Memory sticks security risk fear

Items such as media players, memory sticks and USB flash drives were now routinely used by a huge number of employees in the vast majority of UK businesses, but with little regard to the security threat they pose according to Pointsec

Their survey showed that two-thirds of IT professionals who used removable media themselves at work admitted to not protecting them with encryption, even though they were aware of the associated dangers.

Most IT security policies were written by IT departments, yet when quizzed on the security risks 65% of IT professionals knew they were a potential security time-bomb and two-thirds (66%) admitted to neglecting to include mobile devices in their current security policies.

If lost or stolen, vast amounts of valuable company information could seriously expose a company to extortion, digital identity fraud, or damage to their reputation, integrity and brand, said Pointsec.

Massive risk

Twelve percent of organizations had banned the use of removable media devices in the workplace altogether because of the risk to security. However their use was still on the increase with 56% of employees downloading corporate information onto their memory sticks, compared with 31% last year.

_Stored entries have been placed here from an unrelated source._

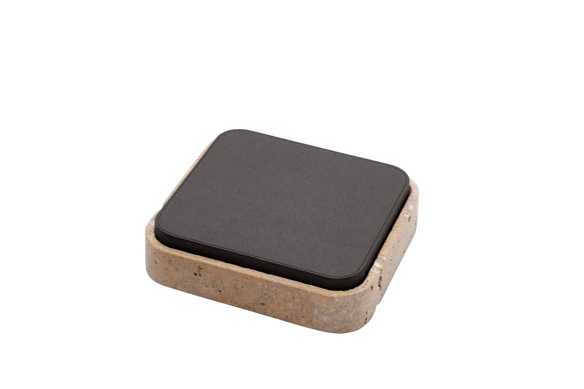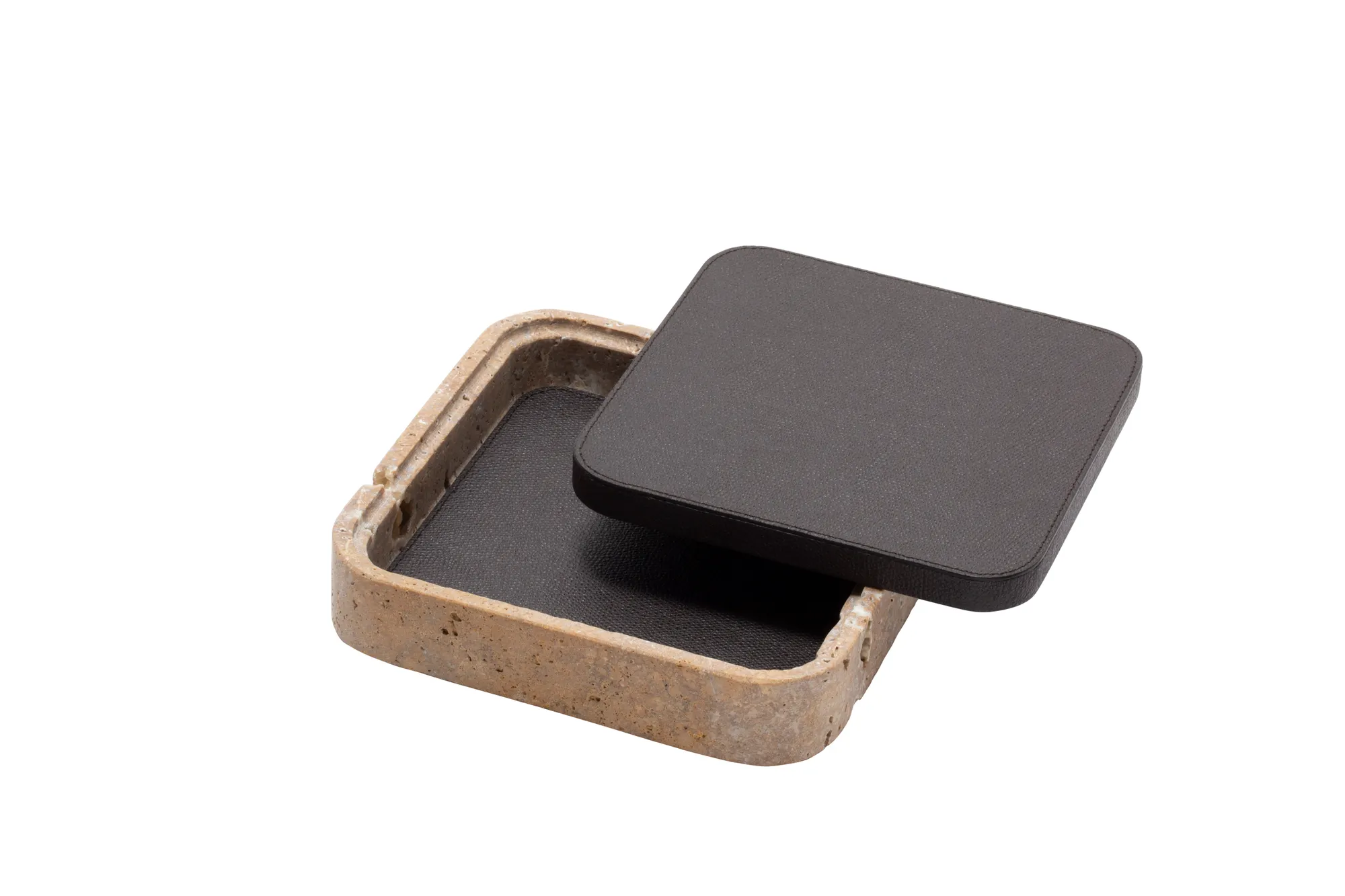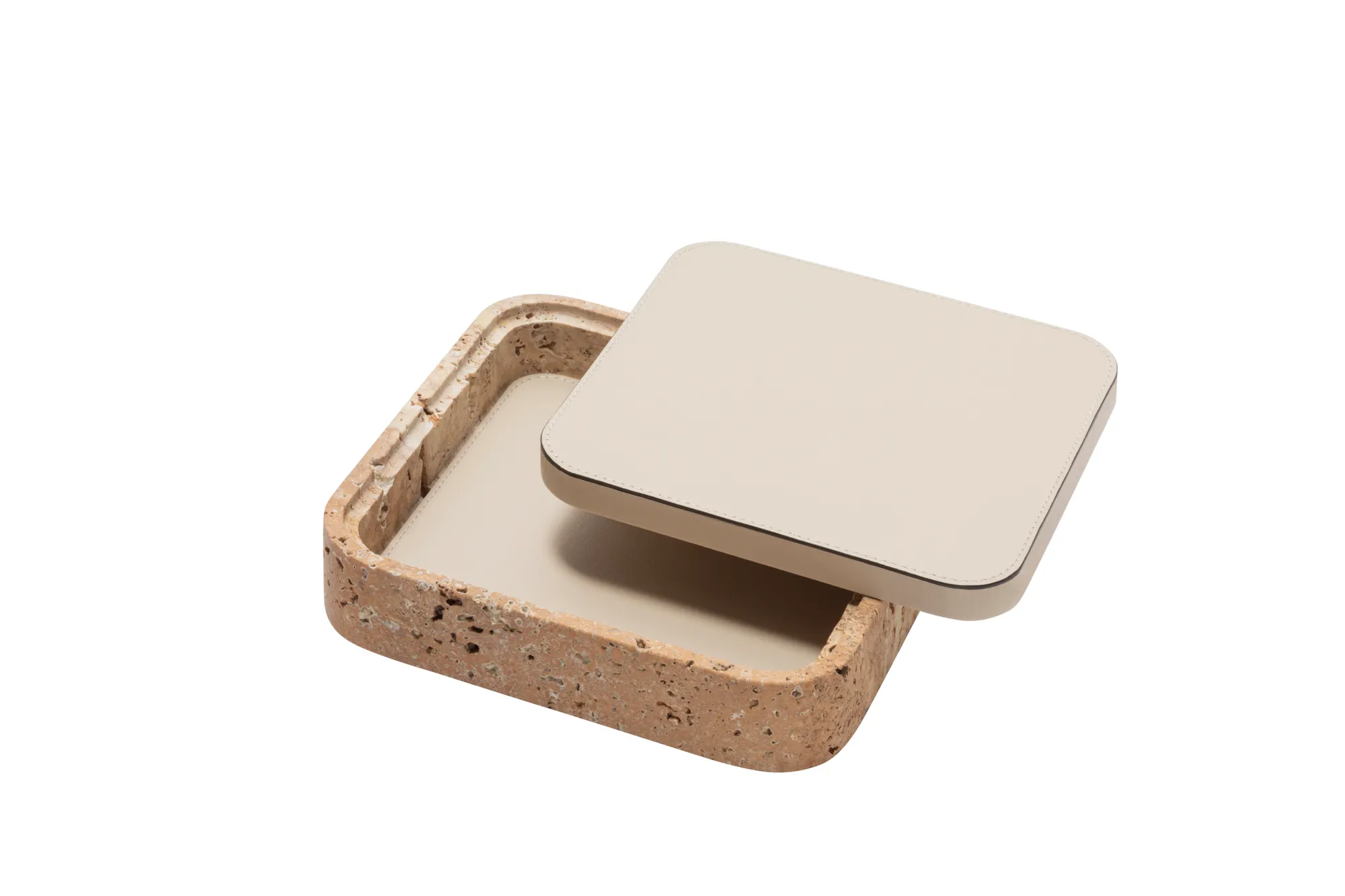 Featuring minimal geometric shapes, these boxes combine the beauty of travertine in several nuances of choice with the finest italian leather. Custom sizes available on request.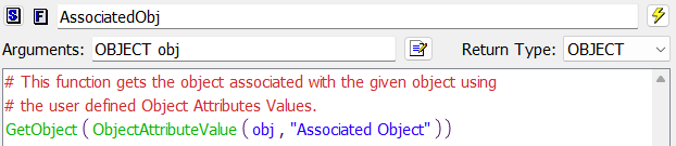 Figure 4.8 This function gets the associated data or simulation object using object attributes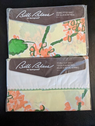 Vintage Bill Blass 4 Pc Double Bed Sheet Set Springmaid Pink Yellow Floral NEW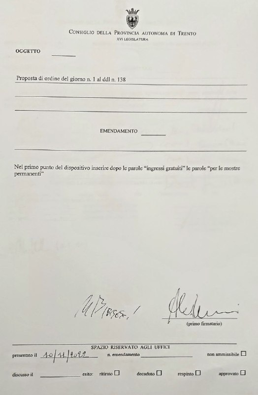 Seguono il video di presentazione e il testo integrale della Proposta di ordine del giorno n.1/138/XVI del 9 novembre 2022 “Introduzione in via sperimentale di ingressi gratuiti al Museo di arte moderna e contemporanea di Trento e Rovereto (MART) per i residenti e coloro che vivono in Trentino” collegata al Disegno di legge n. 138/XVI di iniziativa giuntale “Revisione della disciplina sulle politiche culturali della Provincia: modificazioni della legge provinciale sulle attività culturali 2007 e della legge provinciale 11 novembre 2015, n. 17 (Agevolazioni fiscali in materia di promozione di attività culturali del Trentino, di valorizzazione del patrimonio culturale e del paesaggio trentino)” – Approvata con emendamento concordato con l’assessore Mirko Bisesti il 10 novembre 2022 (convertito nell’ordine del giorno 586/XVI)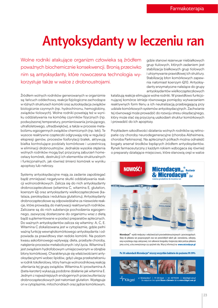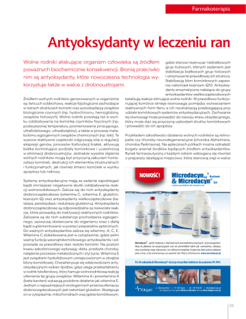 Farmakoterapia Antyoksydanty w leczeniu ran Wolne rodniki atakujące organizm człowieka są źródłem gdzie stanowi rezerwuar niebiałkowych grup tiulowych, których zadaniem jest poważnych biochemicznie konsekwencji. Bronią przeciwko stabilizacja białkowych grup tiolowych nim są antyoksydanty, które nowoczesna technologia wy- i utrzymywanie prawidłowej ich struktury. Stabilizację błon komórkowych zapewkorzystuje także w walce z drobnoustrojami. nia natomiast koenzym Q10. Antyoksydanty enzymatyczne należące do grupy antyoksydantów wielkocząsteczkowych Źródłem wolnych rodników generowanych w organizmie katalizują reakcje elimujące wolne rodniki. W prawidłowo funkcjosą: łańcuch oddechowy, reakcje fizjologiczne zachodzące nującej komórce istnieje równowaga pomiędzy wytwarzaniem w różnych strukturach komórki oraz autooksydacja związków reaktywnych form tlenu a ich neutralizacją przebiegającą przy biologicznie czynnych (np. hydrochinonu, hemoglobiny, udziale komórkowych systemów antyoksydacyjnych. Zachwianie związków tiolowych). Wolne rodniki powstają też w wynitej równowagi może prowadzić do rozwoju stresu oksydacyjnego, ku oddziaływania na komórkę czynników fizycznych (np. który może stać się przyczyną uszkodzeń struktur komórkowych i prowadzić do ich apoptozy. podwyższonej temperatury, promieniowania jonizującego, ultrafioletowego, ultradźwięków), a także w procesie metabolizmu egzogennych związków chemicznych (np. leki). Te Przykładem szkodliwości działania wolnych rodników są retinowysoce reaktywne cząsteczki odgrywają rolę w regulacji patie czy choroby neurodegeneracyjne (choroba Alzheimera, ekspresji genów, procesów fosforylacji białek, aktywują choroba Parkinsona). Na aptecznych półkach można odnaleźć białka kontrolujące podziały komórkowe i uczestniczą bogaty arsenał środków będących źródłem antyoksydantów. w eliminacji drobnoustrojów. Jednakże wysokie stężenia Rynek farmaceutyczny z każdym rokiem wzbogaca się również wolnych rodników mogą być przyczyną zaburzeń homeo preparaty działające miejscowo, które stanowią oręż w walce ostazy komórek, destrukcji ich elementów strukturalnych i funkcjonalnych, jak również śmierci komórek w wyniku apoptozy lub nekrozy. Systemy antyoksydacyjne mają za zadanie zapobiegać bądź zmniejszać negatywne skutki oddziaływania reakcji wolnorodnikowych. Zalicza się do nich antyoksydanty drobnocząsteczkowe (witamina C, witamina E, glutation, koenzym Q) oraz antyoksydanty wielkocząsteczkowe (katalaza, peroksydaza i reduktaza glutationu). Antyoksydanty drobnocząsteczkowe są odpowiedzialne za nieswoiste reakcje, które prowadzą do inaktywacji reaktywnych rodników. Zaliczane są do nich substancje pochodzenia egzogennego, zazwyczaj dostarczane do organizmu wraz z dietą bądź suplementowane w postaci preparatów aptecznych. Do ważnych antyoksydantów zalicza się witaminy: A, C, E. Witamina C zlokalizowana jest w cytoplazmie, gdzie pełni ważną funkcję wewnątrzkomórkowego antyoksydanta i odpowiada za prawidłowy stan redoks komórki. Na poziom kwasu askorbinowego wpływają: dieta, przebyte choroby, natężenie procesów metabolicznych i styl życia. Witamina E jest związkiem hydrofobowym umiejscowionym w obrębie błony komórkowej. Charakteryzuje się właściwościami antyoksydacyjnymi wobec lipidów, gdyż ulega przekształceniu w rodnik tokoferolowy, który hamuje wolnorodnikową reakcję utleniania tej grupy związków. Witamina A i prowitamina A (beta-karoten) wykazują podobne działanie jak witamina E. Jednym z najważniejszych endogennych przeciwutleniaczy drobnocząsteczkowych jest natomiast glutation. Występuje on w cytoplazmie, mitochondriach oraz jądrze komórkowym, 23 Farmakoterapia z chorobami i dolegliwościami. Duża inwazyjność mikroorganizmów jest przyczyną nieustannego prowadzenia badań nad skutecznością środków o działaniu przeciwbakteryjnym, bakteriobójczym i odkażającym. Coraz powszechniejsze stosowanie antybiotyków doprowadza do narastającej lekooporności bakterii. Aby walka z drobnoustrojami była efektywna, wciąż udoskonala się procesy technologiczne służące do produkcji nowych, skutecznych środków przeciwbakteryjnych. Środki antyseptyczne o działaniu miejscowym mogą uszkadzać skórę i działać na nią drażniąco. Opóźnia to proces gojenia ran, a także może wpływać niszcząco na tkanki głębiej położone oraz na skórę znajdującą się w bezpośrednim otoczeniu rany. Bardzo ważne jest, aby zastosowany środek antyseptyczny miał działanie usuwające zanieczyszczenia bakteryjne powierzchni skóry i nie cechował się równoczesną inwazyjnością wobec zdrowych tkanek. Przeprowadzono badania, które udowodniły, że takie cechy wykazuje wodny roztwór ponadtlenkowy zawierający antyoksydanty. Uzyskuje się go na drodze elektrolizy z użyciem półprzepuszczalnych membran bądź reakcji redoks, a substratami procesu są woda oczyszczona i chlorek sodu. Wynikiem reakcji jest powstanie silnie utlenionej wody o obojętnym pH i kontrolowanej zawartości utleniaczy. Roztwór wodny o neutralnym pH zawiera wolne związki chloru (<85 ppm), reaktywne formy tlenu (ang. reactive oxygen species, ROS), natlenioną wodę (99,99%), podchloryn sodu (<50 ppm), kwas podchlorawy (<60 ppm), nadtlenek wodoru (<4 ppm), dwutlenek chloru (<1,5 ppm), węglan sodu (<21 ppm), chlorek sodu (<110 ppm), ozon (<0,2 ppm) i wodorotlenek sodu (<8 ppm). Jak wykazały przeprowadzone badania, reaktywne formy tlenu wykazują działanie bakteriobójcze wobec tlenowych pałeczek Gram– i Gram+. Wodne roztwory rodników ponadtlenkowych są niezwykle skuteczne w terapii zakażeń skóry, prze24 wlekłych owrzodzeń (np. w przebiegu cukrzycy, niewydolności krążenia obwodowego), a także przyspieszają gojenie się ran. Rodniki ponadtlenkowe działają bezpośrednio utleniająco wobec komór

Only around 21% of removable devices in the workplace were secured with passwords or encryption.

The most popular use of memory sticks was to store corporate data such as contracts, proposals and other business documents, with customer information coming in a close second. Twenty two percent used them to store their customers' names and addresses, with others using them to store presentations, budgets and other documents.

Pointsec recommended that businesses issue strict guidelines on the use of memory sticks, including the importance of proper handling of mobile devices such as removable media. Non-company devices should be forbidden and encryption software used at all times.

'Strict guidelines'

Preventing people bringing removable media devices into the office was an "extremely difficult problem" according to Pointsec.

The mobile security specialists added that if companies were to prevent breaking legislation such as the Data Protection Act, Basel 2 and Sarbanes Oxley, they needed to "rapidly get to grips" with the risks associated with removable media and protect themselves.

Martin Allen, Managing Director of Pointsec UK said: "Our advice is to introduce strict guidelines on the use of removable media devices in the workplace, and invest in encryption software which will allow administrators to force the encryption of all data put onto a mobile device.

"Companies will soon realise that this type of software is just as vital and inexpensive as using anti-virus software."